Now I want to talk about emotional and spiritual safety.
Let me start out by saying that privacy matters. Locker rooms and urinals present real logistical challenges, particularly in schools, and if institutions cannot meet those challenges in a way that provides sufficient privacy for everyone, that's a problem. A really big problem.
But I'm confident that those challenges are surmountable, precisely because of all the horror stories I've read about the emotional harm these policies inflict on children.
You see, almost every one of those anecdotes tells a story about an institution creatively and successfully making the changes necessary to give everyone privacy.
But that wasn't good enough. The authors of those anecdotes didn't just want to protect kids from indecent exposure, but also from the very idea that some people have complicated gender identities.
The problem is, we can't actually do that.

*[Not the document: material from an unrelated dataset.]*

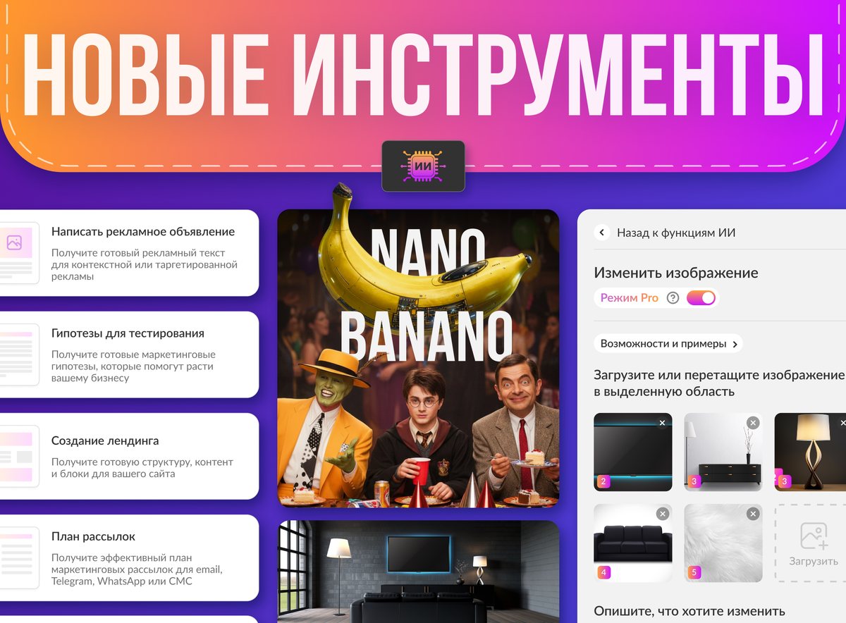 Мы подготовили набор ИИ-помощников, которые берут на себя рутинные и сложные задачи — от написания рекламных текстов до создания структуры лендинга или презентации.

If your child is aware enough ask you why there's a man in the ladies room, you can bet that she's also aware enough to be perplexed by gender ambiguity in any context. Bathrooms have nothing to do with it.
As parents, we have just two choices: talk about it, or don't talk about it.
Talking about it can be scary, but not talking about it is what's dangerous.
If we let our fear keep us from talking with our kids about these things, we will lose the opportunity to guide them through whatever ethical decisions they may face. Statistically speaking, any one of our kids is unlikely to face tough decisions about his or her own gender, but each of them will almost certainly face decisions about how to respond to peers who don't fit into tidy gender categories. And almost all of our kids will face decisions about bullying.
As I look back on my own childhood, I'm haunted by my cowardice; cowardice rooted in confusion. I didn't know what to do, so I stood by and didn't do anything at all.
I want to spare my kids that kind of guilt. I want to make sure that I'm alert and present to teach them how to love people they don't understand. Even people that they suspect of bad choices.
And if any of my kids do struggle with gender, I definitely want them to talk with me about it.
We cannot protect our children from finding out that they live in a complicated world, but by the grace of God, perhaps we can equip them to live wisely and well, and above all to love. At any rate, we have to try. We must not fail to keep watch over their souls.